Since March 2020, the US has been severely affected economically. Increasing unemployment rates have left many people unable to cover their living costs, including rent.
If eviction was a sensitive topic before, it has become a major concern to Americans since the onset of the pandemic. Millions of people struggled to keep up with expenses during repeated pandemic shutdowns. The less affluent have suffered the most.
The eviction moratorium was their only hope of not being evicted from their homes at such an economically uncertain time.
The Establishment of the Eviction Moratorium
The emergence of the pandemic strongly marked the US economy, causing many people to lose their jobs and fall behind in paying taxes. One of the most affected groups is tenants that rent their homes.
Lost wages and lost jobs left millions of people unable to cover rental costs, bringing them one step closer to the worst-case scenario in a tenancy – an eviction.
Insight: According to a Census Bureau survey, around 10 million tenants were behind on their rent. They were at risk of eviction in the middle of January, and 16 million tenants had minimal confidence they could pay rent in February.
In the context of the pandemic, a wave of evictions would only force people to move into their family’s houses or homeless shelters.

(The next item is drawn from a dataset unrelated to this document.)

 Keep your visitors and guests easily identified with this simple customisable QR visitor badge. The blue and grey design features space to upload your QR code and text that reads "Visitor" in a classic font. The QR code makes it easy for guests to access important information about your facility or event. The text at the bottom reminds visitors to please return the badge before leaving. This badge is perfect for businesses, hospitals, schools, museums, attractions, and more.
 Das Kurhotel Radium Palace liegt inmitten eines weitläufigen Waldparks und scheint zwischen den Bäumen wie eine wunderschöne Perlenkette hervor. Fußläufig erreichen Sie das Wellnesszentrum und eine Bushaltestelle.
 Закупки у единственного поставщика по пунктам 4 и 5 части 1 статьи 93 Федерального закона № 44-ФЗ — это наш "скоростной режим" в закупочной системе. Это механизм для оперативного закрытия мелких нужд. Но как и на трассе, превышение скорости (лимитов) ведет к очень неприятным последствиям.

This would have put the shelters past capacity in no time.
This would have been dangerous when a deadly virus posed a major threat, and national measures imposed social distancing, which could have led to an increase in Covid-19 cases among homeless people.
This has become a priority concern of the authorities, so they have instituted the eviction moratorium as a critical health measure.
The federal nationwide eviction moratorium had been in place since March 2020, with the primary goal of providing relief for those who could not afford to pay rent during the pandemic in a shutdown economy.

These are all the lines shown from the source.